Western Football League
- Season: 2011–12

= 2011–12 Western Football League =

The 2011–12 Western Football League season (known as the 2011–12 Toolstation Western Football League for sponsorship reasons) was the 110th in the history of the Western Football League, a football competition in England. Teams were divided into two divisions; the Premier and the First.
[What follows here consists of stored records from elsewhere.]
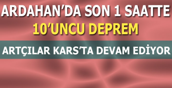 Ardahan'da ilki saat 17:08 de meydana gelen 5 büyüklüğündeki depremin ardından son 1 saatte toplamda 10 deprem daha meydana geldi.
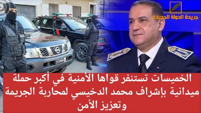 في خطوة نوعية تعكس الحرص الكبير على حماية أمن المواطنين وسلامتهم، حلّ السيد محمد الدخيسي، المدير المركزي للشرطة القضائية، بمدينة الخميسات يوم الثلاثاء الماضي، بتعليمات مباشرة من المدير العام للأمن الوطني ومراقبة التراب الوطني، السيد عبد اللطيف الحموشي، للإشراف على أكبر حملة أمنية تشهدها المدينة منذ سنوات.
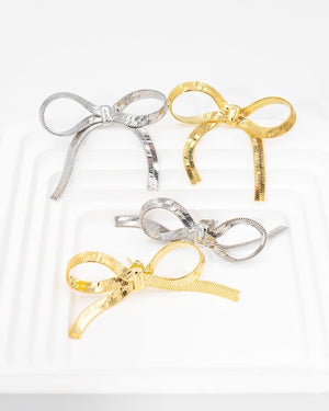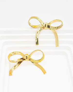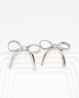 Topo de moño con listones cortos en tejido de serpiente, tiene baño de rodio e incluye 1 par.
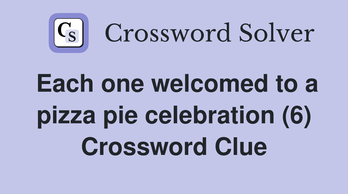 Each one welcomed to a pizza pie celebration (6) Crossword Clue
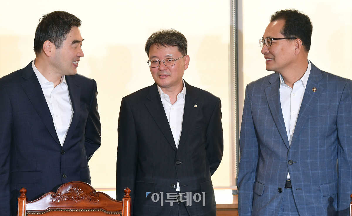 고형권 기획재정부 1차관, 윤면식 한국은행 부총재, 정규돈 국제금융센터 원장(오른쪽부터)이 21일 오전 서울 중구 은행회관에서 열린 제53차 거시경제금융회의에서 대화하고 있다. 이동근기자 foto@
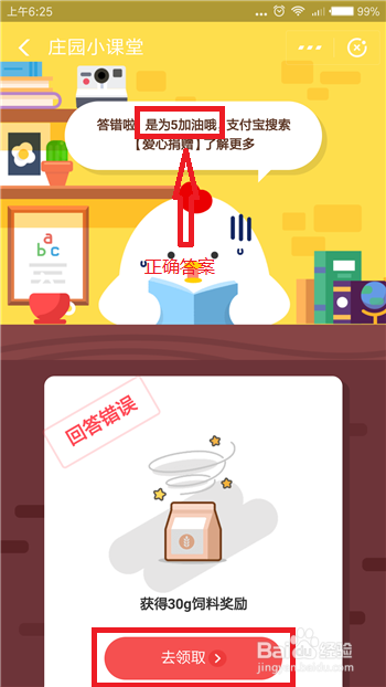 可以看到系统提醒小编回覆错误,可是在上方已经提醒了我们准确谜底,所以列位小伙伴万万别选错了,如许点击【去领取】仍然可以获得奖励。
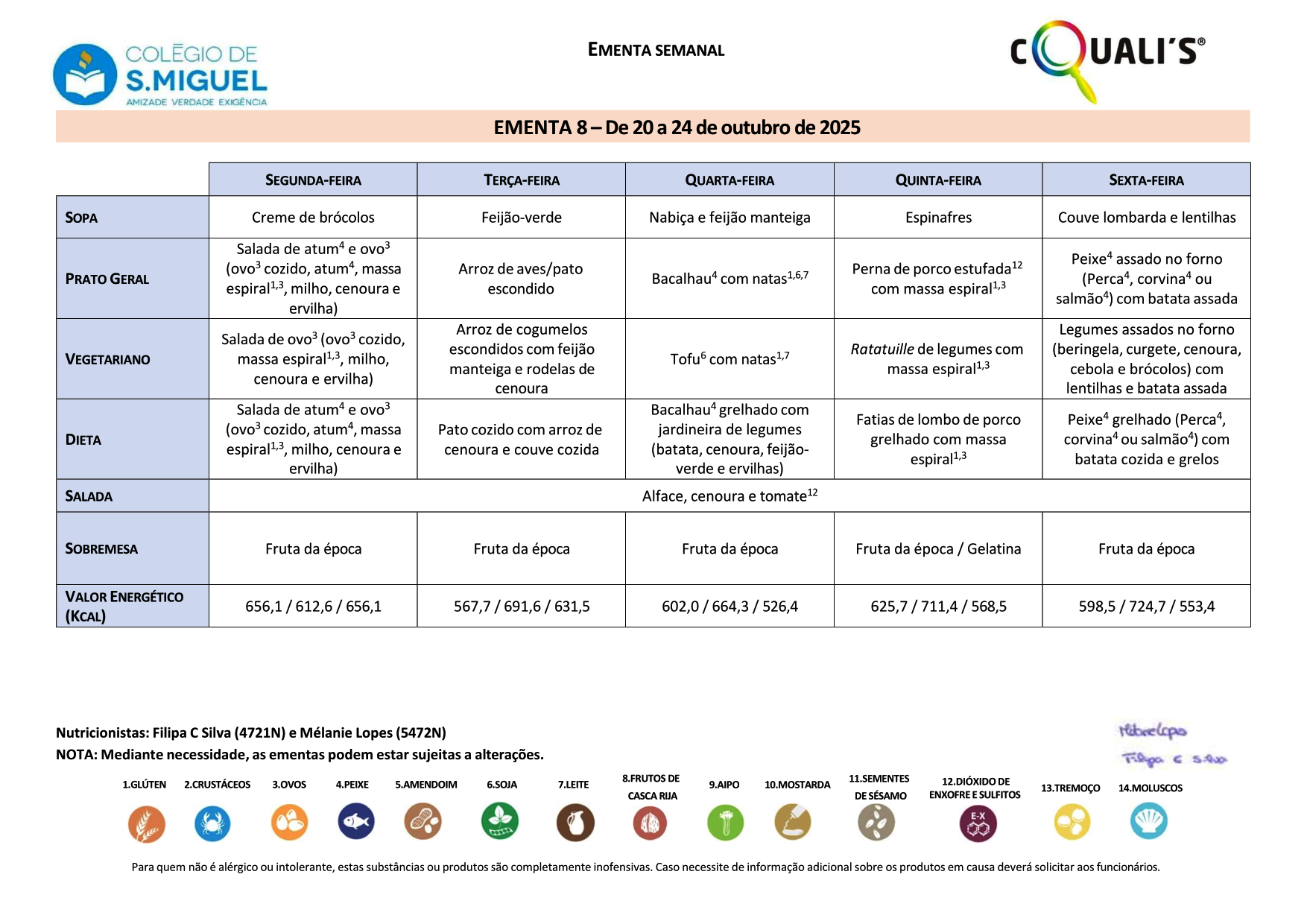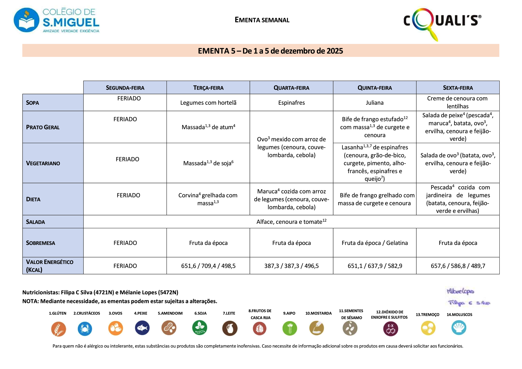 • Ementa da Semana
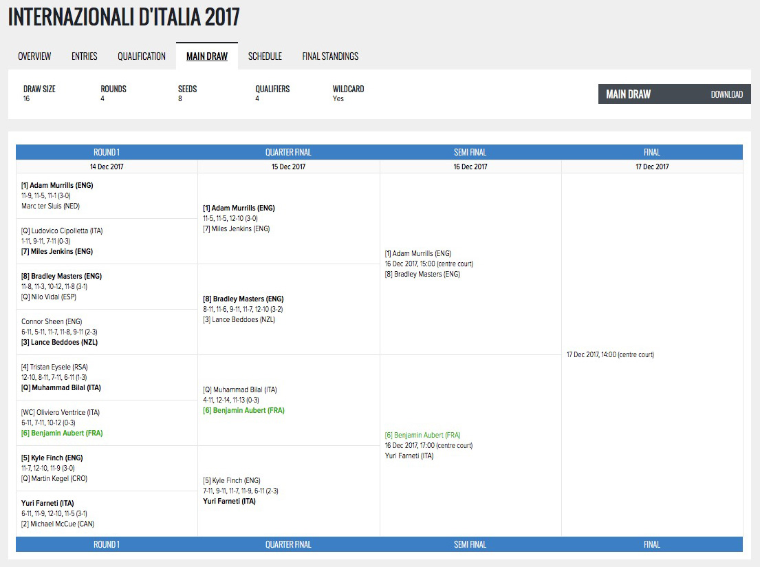 AUBERT Benjamin squash player 13 Français #50 World Ranking PSA meilleur classement
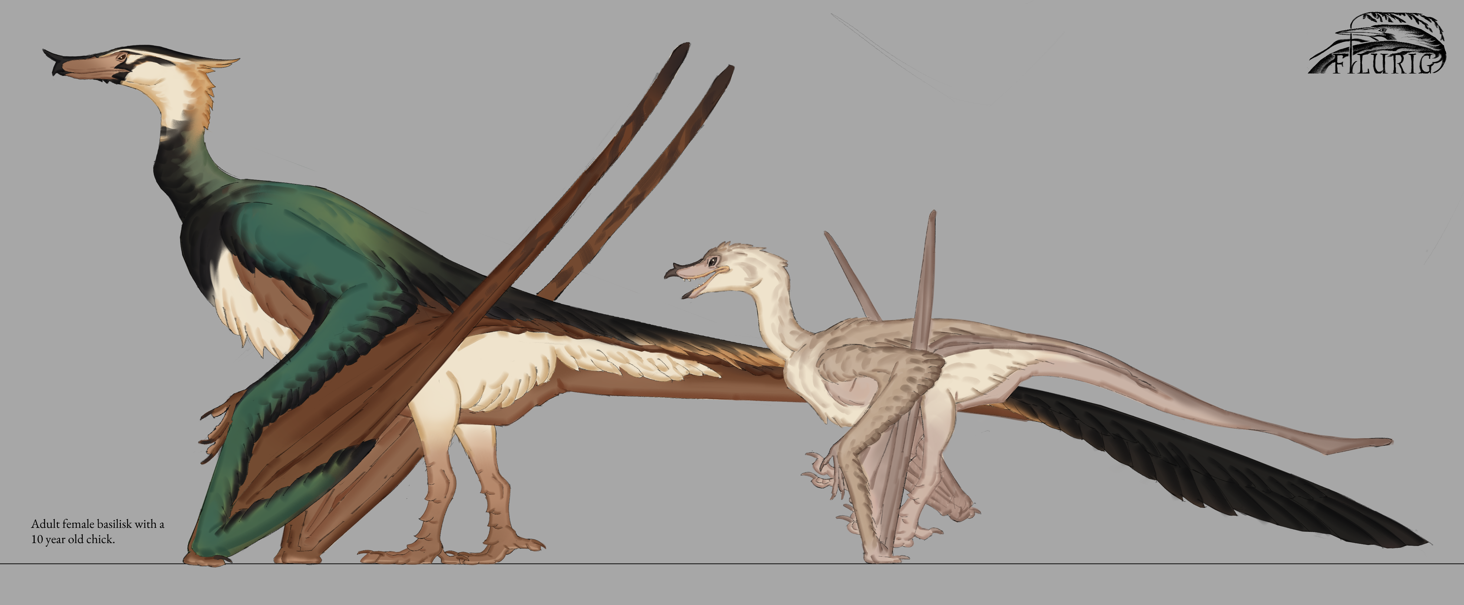 basilisks are omnivorous non-avian saurischian dinosaurs, averaging at around 1.5-1.6 m at the shoulder, with a highly variable appearance. a dactylopodian, they are unusual quadrupeds with winged forelimbs, the name hinting at the nature of said limbs; that being, that the "foot" is composed of two highly derived fingers, one supporting the limb ("foot") while the other serves as a webbed wing. as mentioned, their variable appearance makes them difficult to describe with absolute consistancy, but their general body and facial structure can be. basilisks integuement is varied, consisting of feathers of different structure ranging from plume-like to hair-like and thin (the latter found covering the leathery, "bare" areas, except for the bare face). their faces and hindlegs are scaled, the former in a very delicate manner. there is little basal sexual dimorphism in basilisks, with the exception of size (females being larger on average) and a feather "fan" present near the base of the tail only in males, however, exceptions exist for basilisks which resemble sexually dimorphic species (see shapeshifting section). males also possess two pouches on their sides which are usually hard to see, but expand internally after having mated.

The league champions for the first time in their history were Merthyr Town, who were promoted to the Southern League. The champions of Division One were Cadbury Heath.

==Premier Division==
The Premier Division featured two new clubs in a league of 18, reduced from 19 the previous season after the relegation of Wellington and Welton Rovers, and the late resignation of Dawlish Town:

- Bridport, third in the First Division.
- Merthyr Town, champions of the First Division.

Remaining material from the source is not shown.